[[ The data open ]]

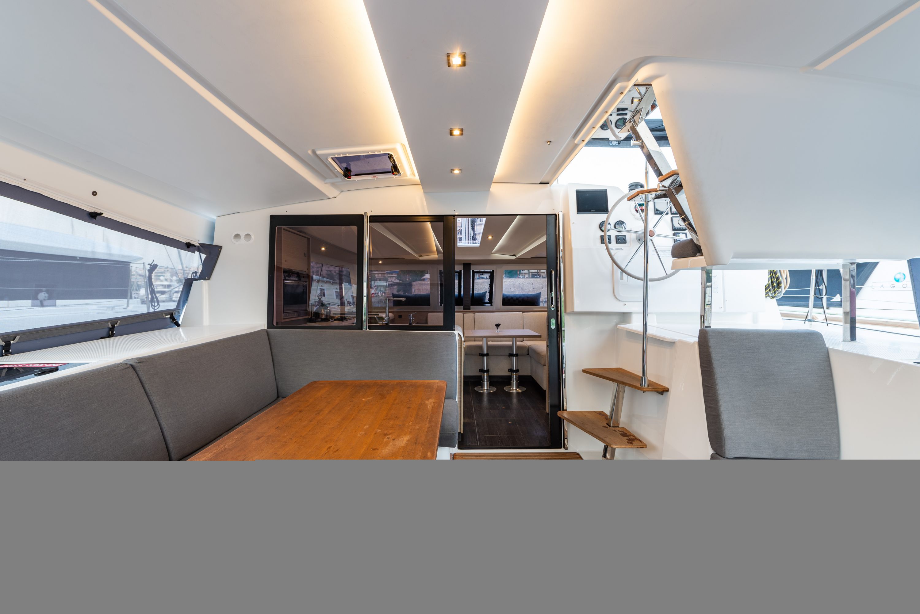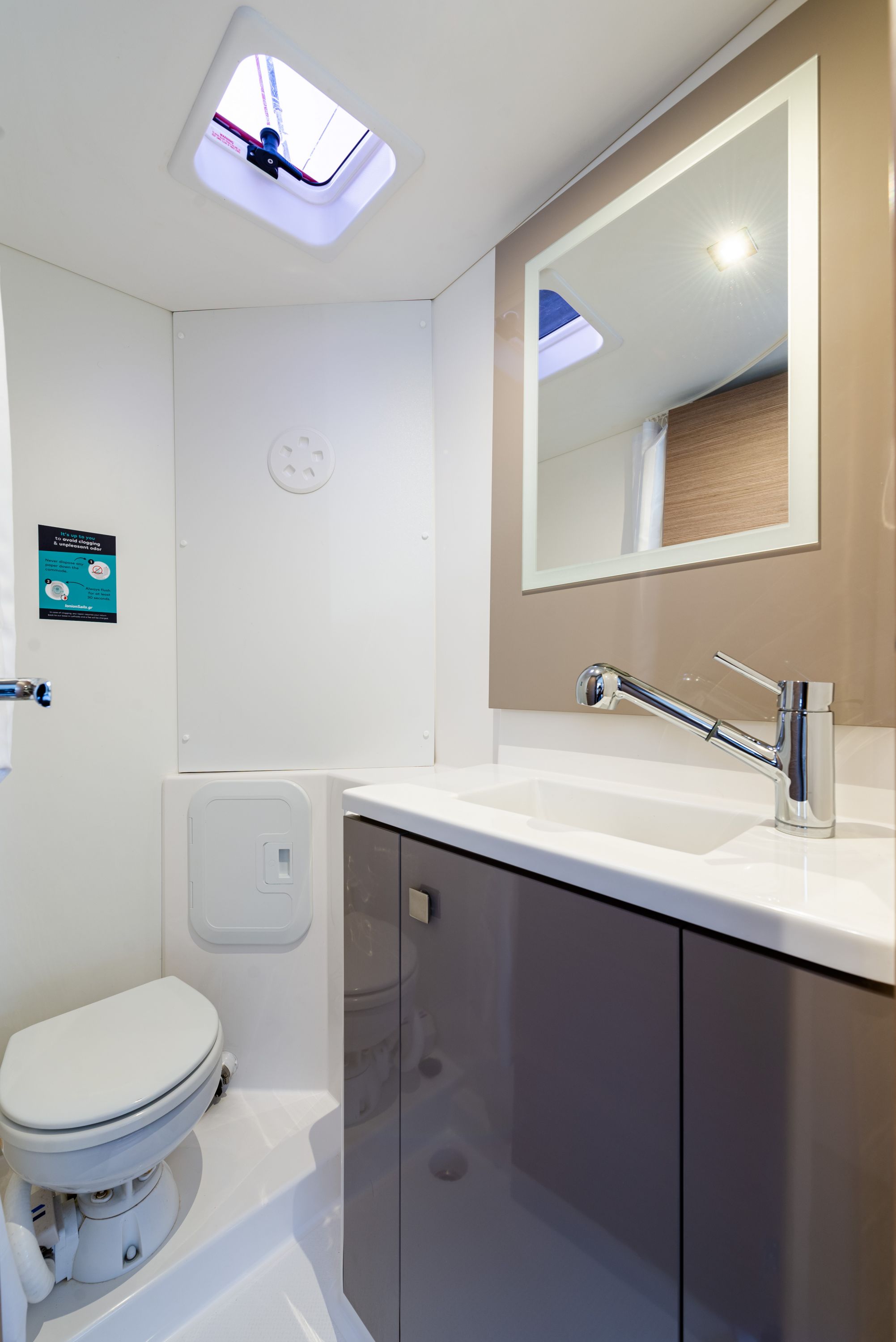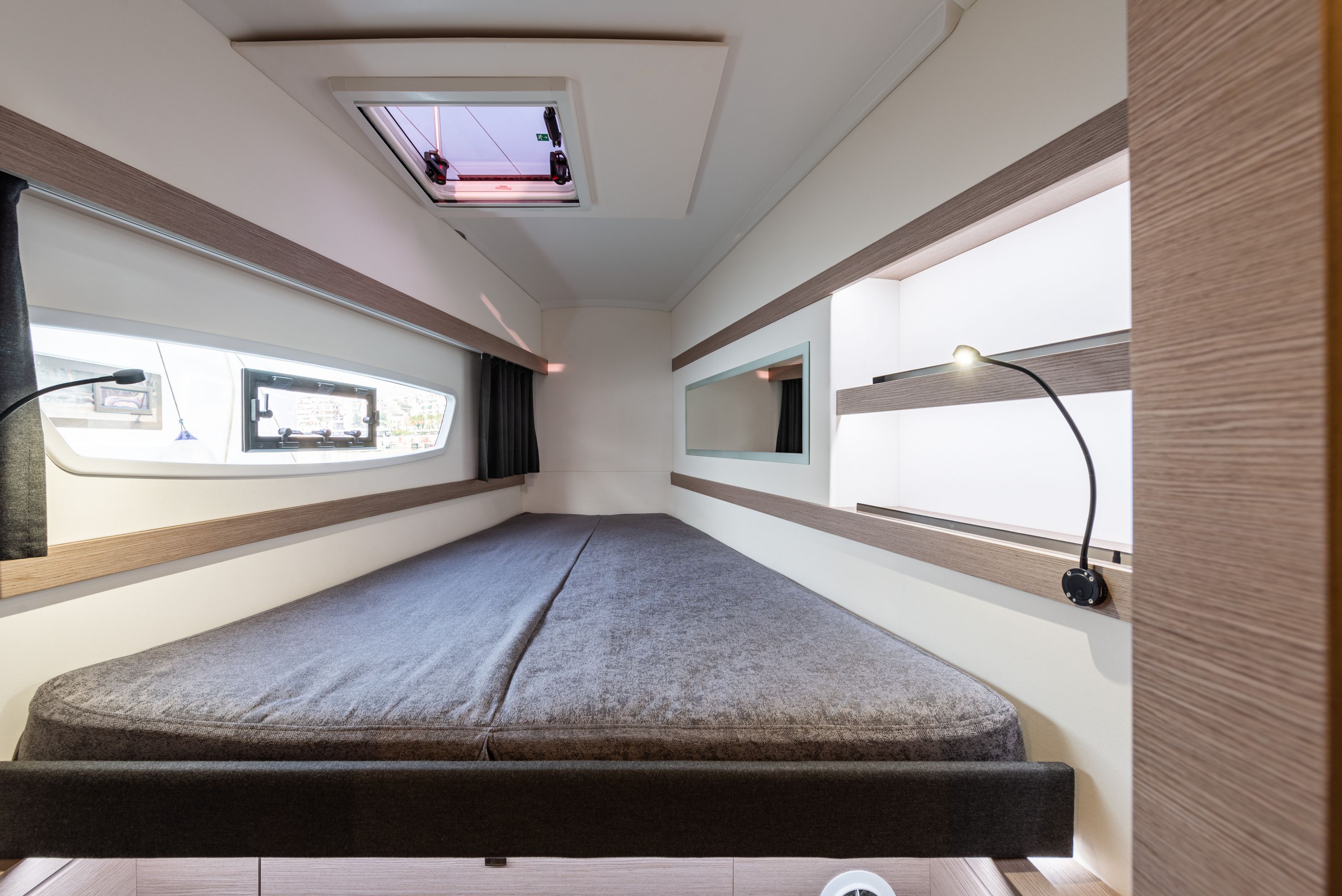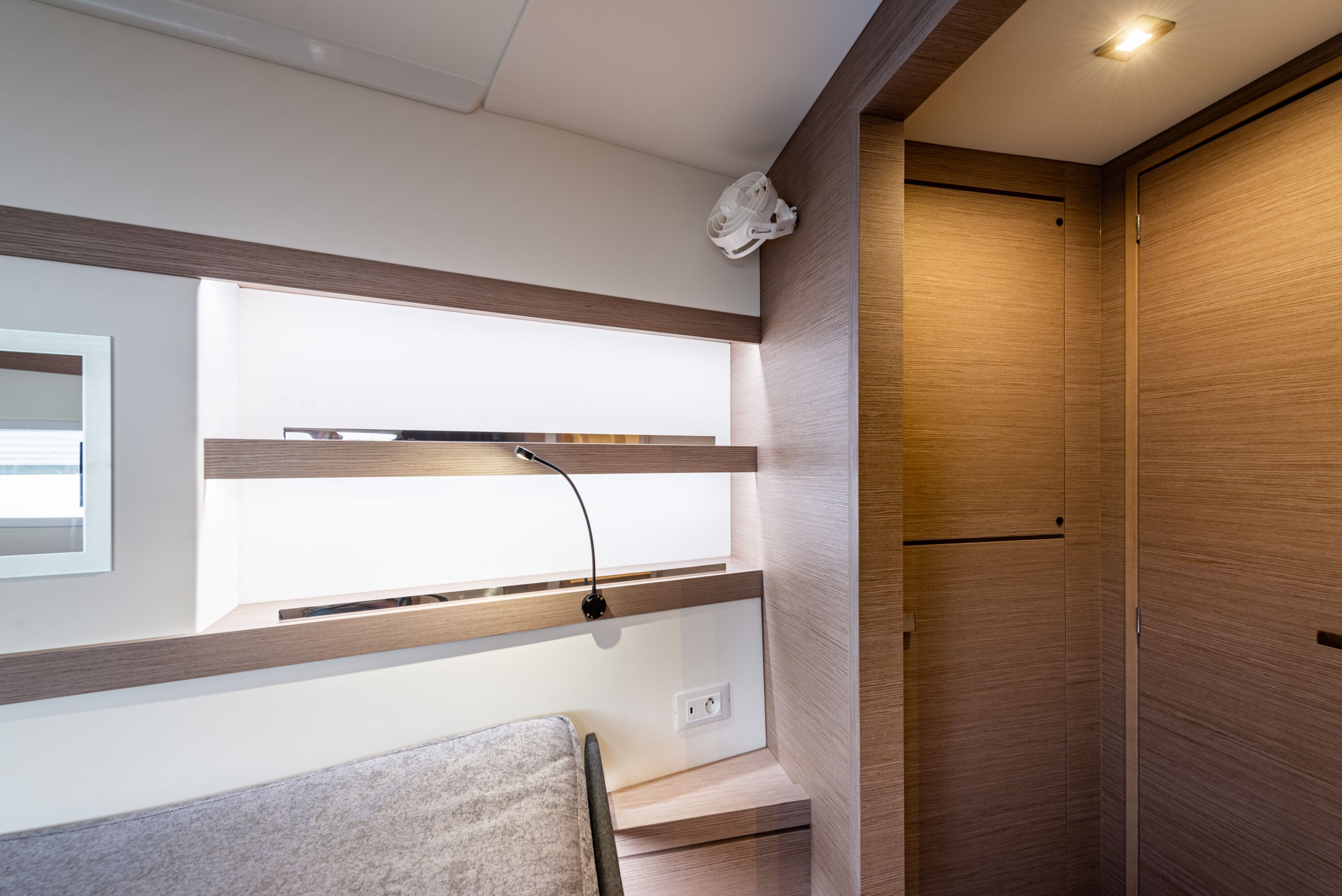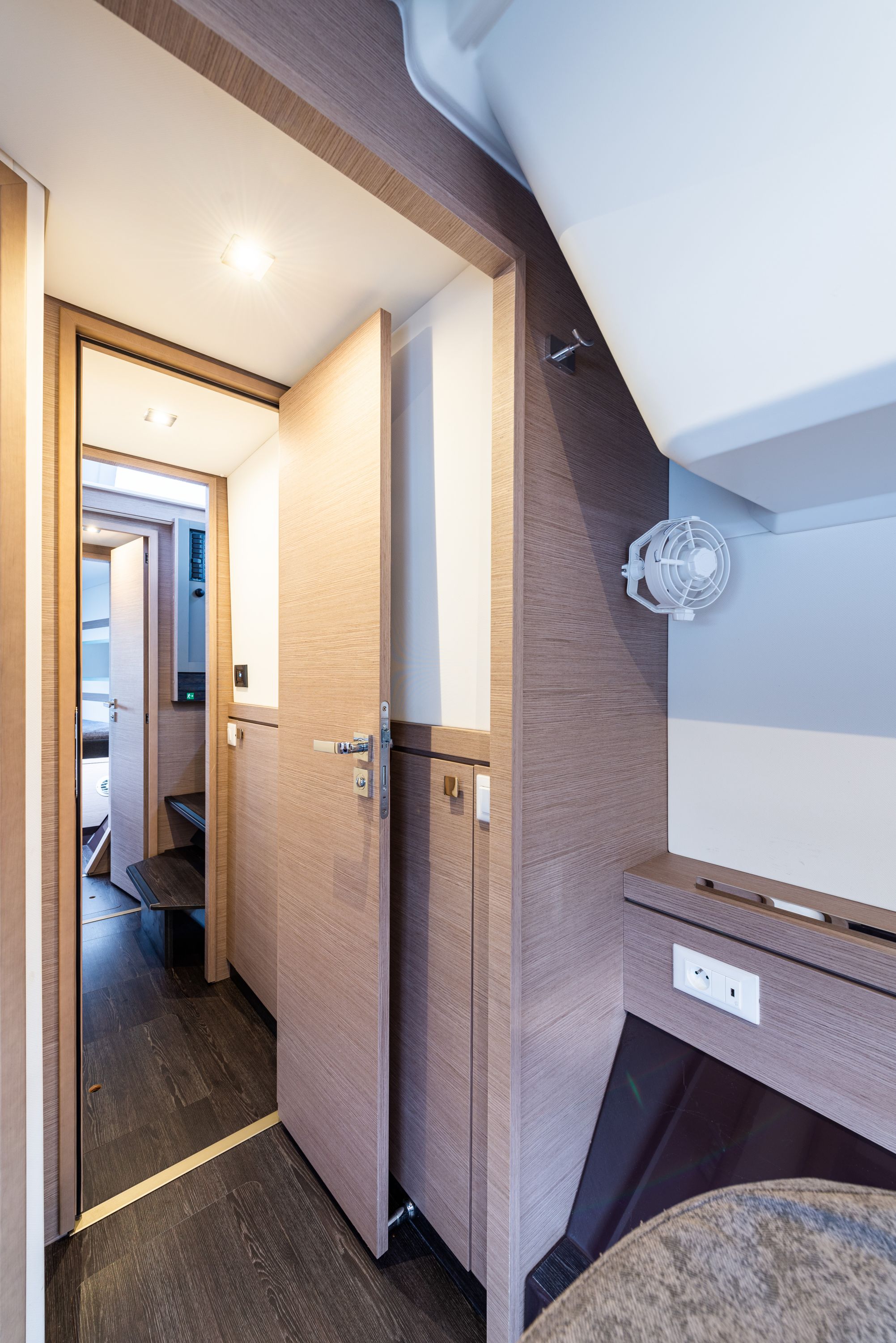 | Inside | 220V Steckdosen, Borduhr, Fäkalientank, Gasherd, Generator, Klimaanlage (ohne Landstrombedarf), Kühlschrank, Pantryausstattung, Radio mit CD, Salontisch absenkbar, USB Steckdosen in den Kabinen, Ventilatoren in Kabinen, Warmwasser, Watermaker, WC (elektr.) |
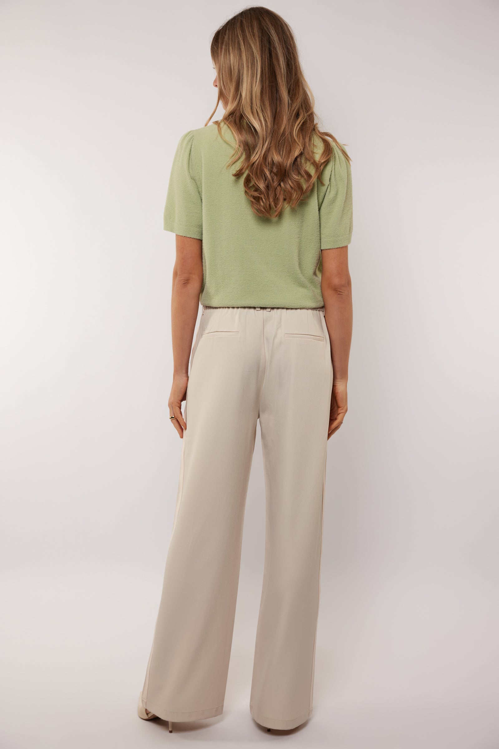 De Broek Izabella Sand van G-Maxx is een elegante, losvallende pantalon met hoge taille en persvouwen. Voorzien van riemlussen en nette steekzakken. Perfect voor kantoor of een chique diner.
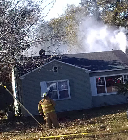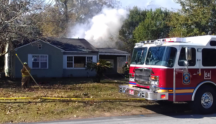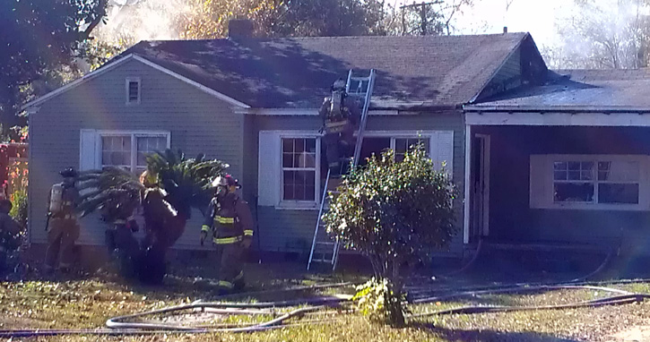 Flames were coming out of the attic of the home at the corner of Pace Parkway and Mintz Lane when the first firefighters arrived on scene about 12:40 Saturday afternoon.
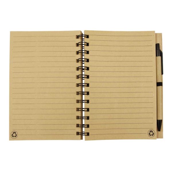 A bamboo notebook with a pen comprises a pen and a pen loop. Thus, these notebooks are used for multiple purposes. You can use it as a notebook and a pen holder. The cover of this notebook is made of durable and eco-friendly bamboo material. Thus, it makes this cover hard. This cover is in light brown with a black spiral ring. However, it also comprises an elastic strap for holding a pen. The pen had also crafted from bamboo material. It has a bamboo barrel with a black tip and clip. You can also use this promotional bamboo notebook for giveaways.

[[ The data closed ]]

◆ **Your objective**: For this exercise, return the material word for word and drop each image.

◆ **Solution to this task**:
 | Inside | 220V Steckdosen, Borduhr, Fäkalientank, Gasherd, Generator, Klimaanlage (ohne Landstrombedarf), Kühlschrank, Pantryausstattung, Radio mit CD, Salontisch absenkbar, USB Steckdosen in den Kabinen, Ventilatoren in Kabinen, Warmwasser, Watermaker, WC (elektr.) |
 De Broek Izabella Sand van G-Maxx is een elegante, losvallende pantalon met hoge taille en persvouwen. Voorzien van riemlussen en nette steekzakken. Perfect voor kantoor of een chique diner.
 Flames were coming out of the attic of the home at the corner of Pace Parkway and Mintz Lane when the first firefighters arrived on scene about 12:40 Saturday afternoon.
 A bamboo notebook with a pen comprises a pen and a pen loop. Thus, these notebooks are used for multiple purposes. You can use it as a notebook and a pen holder. The cover of this notebook is made of durable and eco-friendly bamboo material. Thus, it makes this cover hard. This cover is in light brown with a black spiral ring. However, it also comprises an elastic strap for holding a pen. The pen had also crafted from bamboo material. It has a bamboo barrel with a black tip and clip. You can also use this promotional bamboo notebook for giveaways.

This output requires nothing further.